For the Dipping Sauce:
3/4 cup sour cream
1/4 cup mayonnaise
1/2 teaspoon salt
1/2 teaspoon black pepper
1/2 teaspoon garlic powder
1/2 teaspoon paprika
1 teaspoon lemon juice
2-3 dashes hot pepper sauce
For the Fritters:
4 large russet potatoes, cubed, boiled & mashed
1/2 cup all-purpose flour
3/4 cup buttermilk
1 teaspoon salt
1 large egg-beaten
2 tablespoon butter
1 cup shredded cheddar cheese
1/4 teaspoon black pepper
1 (12 oz) package Jones Dairy Farm All Natural Pork Breakfast Sausage Roll
1/4 cup scallions, finely chopped
1/8 cup red bell pepper, finely chopped
1 garlic clove, minced
1 cup bread crumbs
In a small dish, combine all ingredients for dipping sauce and mix well. Refrigerate until ready to serve.

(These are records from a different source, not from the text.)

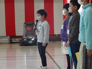 代表児童の発表では,5年生が,3学期の抱負をしっかりとした態度で発表することができました。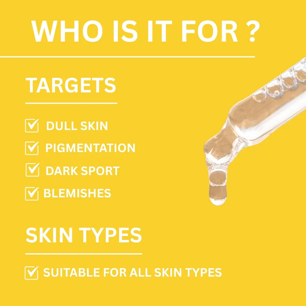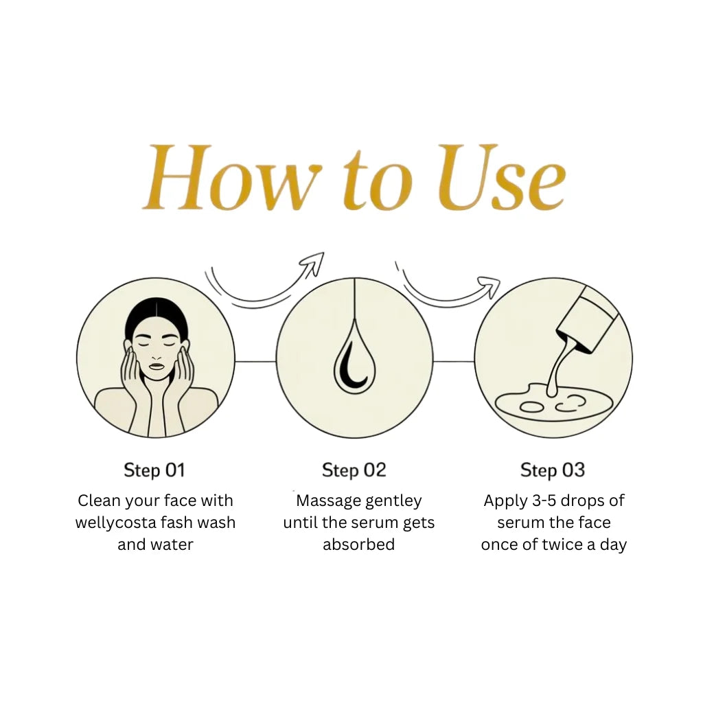 Apply 2–3 drops on clean, dry skin. Gently massage until fully absorbed. Use daily, morning and night. Follow with a moisturizer and SPF during the day.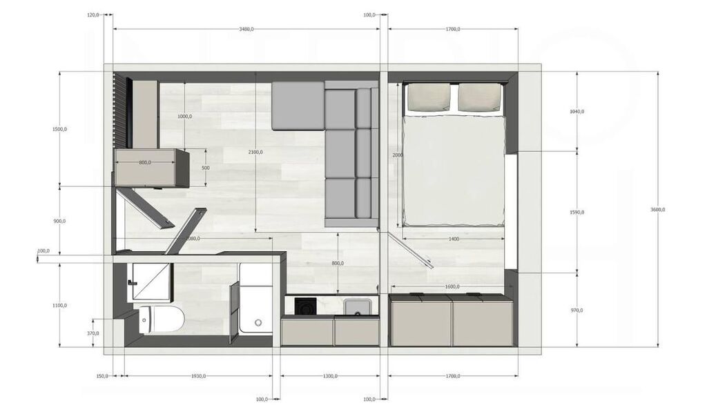 Byt je kompletně vybaven nábytkem i kuchyňskou linkou. Dispozice je prakticky řešená obývací pokoj s kuchyňským koutem, ložnice, koupelna se sprchou a WC.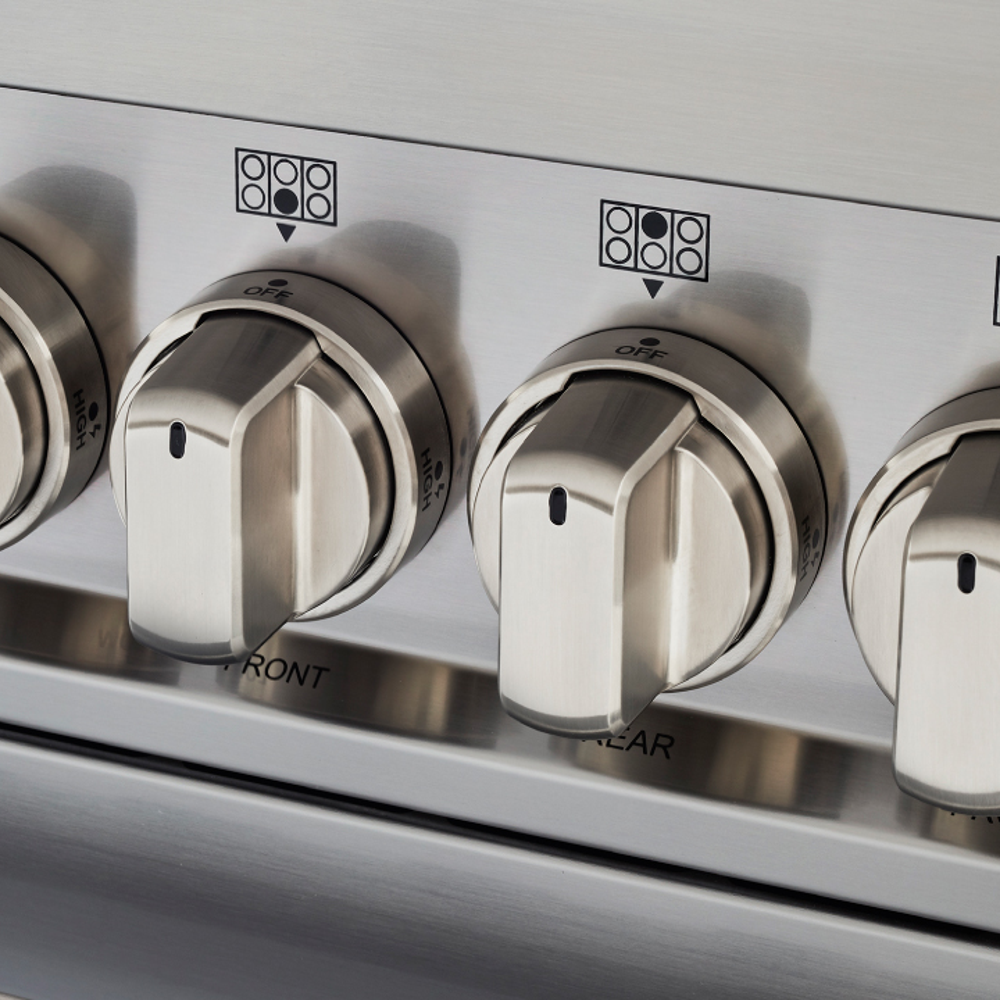 Aceasta piesa este echipata cu 6 arzatoare din alama, inclusiv un arzator dual wok de 5 kW, aceasta oferind flexibilitate maxima pentru diverse metode de gatit. Suporturile din fonta asigura stabilitate si durabilitate, iar sistemul de siguranta opreste gazul in cazul stingerii accidentale a flacarii.

In a large bowl, combine mashed potatoes, flour, buttermilk, salt, egg, butter, cheese and black pepper.
In skillet, brown sausage, drain any fat and return sausage to skillet. Add scallions, bell pepper, and garlic. Sauté for 5 minutes or until vegetables are tender. Remove from heat and cool for 5-10 minutes.
In large bowl, mix mashed potatoes and sausage mixture together. Scoop mixture into balls; roll balls in breadcrumbs and set aside.
Heat 1-inch of oil in skillet to 375˚F. Fry balls for 2-3 minutes or until golden brown. Drain on paper towel lined plate.
Serve fritters warm with dipping sauce.